* **DATA EXTRACTS**:

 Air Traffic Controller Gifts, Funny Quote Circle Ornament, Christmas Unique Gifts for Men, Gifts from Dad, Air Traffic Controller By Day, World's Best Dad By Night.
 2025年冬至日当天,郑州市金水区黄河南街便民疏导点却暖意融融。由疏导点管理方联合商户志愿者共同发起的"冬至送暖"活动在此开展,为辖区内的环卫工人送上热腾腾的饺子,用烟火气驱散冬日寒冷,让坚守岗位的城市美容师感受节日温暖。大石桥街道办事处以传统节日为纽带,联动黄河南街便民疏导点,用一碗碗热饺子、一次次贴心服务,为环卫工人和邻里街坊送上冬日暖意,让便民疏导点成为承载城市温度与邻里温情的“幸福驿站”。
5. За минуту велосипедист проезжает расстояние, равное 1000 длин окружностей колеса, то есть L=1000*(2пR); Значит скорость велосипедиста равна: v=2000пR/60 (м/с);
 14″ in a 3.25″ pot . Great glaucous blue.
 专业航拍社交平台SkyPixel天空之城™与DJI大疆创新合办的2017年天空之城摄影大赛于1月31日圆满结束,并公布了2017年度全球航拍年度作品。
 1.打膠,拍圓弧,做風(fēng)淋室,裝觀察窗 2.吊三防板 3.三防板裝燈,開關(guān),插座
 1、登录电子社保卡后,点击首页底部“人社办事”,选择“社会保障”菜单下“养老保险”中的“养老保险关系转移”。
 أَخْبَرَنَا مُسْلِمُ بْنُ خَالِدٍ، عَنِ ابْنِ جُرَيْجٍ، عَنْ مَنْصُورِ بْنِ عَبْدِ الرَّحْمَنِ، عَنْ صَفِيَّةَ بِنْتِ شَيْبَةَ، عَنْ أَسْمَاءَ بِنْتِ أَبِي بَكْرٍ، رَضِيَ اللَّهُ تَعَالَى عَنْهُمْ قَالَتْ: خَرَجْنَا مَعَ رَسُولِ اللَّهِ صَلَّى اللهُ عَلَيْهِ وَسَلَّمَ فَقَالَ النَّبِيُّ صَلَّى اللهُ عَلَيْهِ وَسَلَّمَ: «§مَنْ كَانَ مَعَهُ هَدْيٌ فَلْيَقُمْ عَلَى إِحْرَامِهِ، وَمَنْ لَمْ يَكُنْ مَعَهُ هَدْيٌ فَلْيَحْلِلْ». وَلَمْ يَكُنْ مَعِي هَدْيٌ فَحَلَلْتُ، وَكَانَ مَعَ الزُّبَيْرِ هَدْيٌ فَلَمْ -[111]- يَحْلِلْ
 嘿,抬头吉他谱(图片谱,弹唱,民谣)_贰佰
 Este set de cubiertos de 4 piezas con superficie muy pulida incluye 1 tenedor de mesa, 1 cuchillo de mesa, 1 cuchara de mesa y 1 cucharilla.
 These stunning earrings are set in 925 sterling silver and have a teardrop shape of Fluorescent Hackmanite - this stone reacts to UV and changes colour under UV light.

* **EXERCISE GOAL**: Take the material above and return all of it exactly.

* **PROBLEM SOLUTION**:
 Air Traffic Controller Gifts, Funny Quote Circle Ornament, Christmas Unique Gifts for Men, Gifts from Dad, Air Traffic Controller By Day, World's Best Dad By Night.
 2025年冬至日当天,郑州市金水区黄河南街便民疏导点却暖意融融。由疏导点管理方联合商户志愿者共同发起的"冬至送暖"活动在此开展,为辖区内的环卫工人送上热腾腾的饺子,用烟火气驱散冬日寒冷,让坚守岗位的城市美容师感受节日温暖。大石桥街道办事处以传统节日为纽带,联动黄河南街便民疏导点,用一碗碗热饺子、一次次贴心服务,为环卫工人和邻里街坊送上冬日暖意,让便民疏导点成为承载城市温度与邻里温情的“幸福驿站”。
5. За минуту велосипедист проезжает расстояние, равное 1000 длин окружностей колеса, то есть L=1000*(2пR); Значит скорость велосипедиста равна: v=2000пR/60 (м/с);
 14″ in a 3.25″ pot . Great glaucous blue.
 专业航拍社交平台SkyPixel天空之城™与DJI大疆创新合办的2017年天空之城摄影大赛于1月31日圆满结束,并公布了2017年度全球航拍年度作品。
 1.打膠,拍圓弧,做風(fēng)淋室,裝觀察窗 2.吊三防板 3.三防板裝燈,開關(guān),插座
 1、登录电子社保卡后,点击首页底部“人社办事”,选择“社会保障”菜单下“养老保险”中的“养老保险关系转移”。
 أَخْبَرَنَا مُسْلِمُ بْنُ خَالِدٍ، عَنِ ابْنِ جُرَيْجٍ، عَنْ مَنْصُورِ بْنِ عَبْدِ الرَّحْمَنِ، عَنْ صَفِيَّةَ بِنْتِ شَيْبَةَ، عَنْ أَسْمَاءَ بِنْتِ أَبِي بَكْرٍ، رَضِيَ اللَّهُ تَعَالَى عَنْهُمْ قَالَتْ: خَرَجْنَا مَعَ رَسُولِ اللَّهِ صَلَّى اللهُ عَلَيْهِ وَسَلَّمَ فَقَالَ النَّبِيُّ صَلَّى اللهُ عَلَيْهِ وَسَلَّمَ: «§مَنْ كَانَ مَعَهُ هَدْيٌ فَلْيَقُمْ عَلَى إِحْرَامِهِ، وَمَنْ لَمْ يَكُنْ مَعَهُ هَدْيٌ فَلْيَحْلِلْ». وَلَمْ يَكُنْ مَعِي هَدْيٌ فَحَلَلْتُ، وَكَانَ مَعَ الزُّبَيْرِ هَدْيٌ فَلَمْ -[111]- يَحْلِلْ
 嘿,抬头吉他谱(图片谱,弹唱,民谣)_贰佰
 Este set de cubiertos de 4 piezas con superficie muy pulida incluye 1 tenedor de mesa, 1 cuchillo de mesa, 1 cuchara de mesa y 1 cucharilla.
 These stunning earrings are set in 925 sterling silver and have a teardrop shape of Fluorescent Hackmanite - this stone reacts to UV and changes colour under UV light.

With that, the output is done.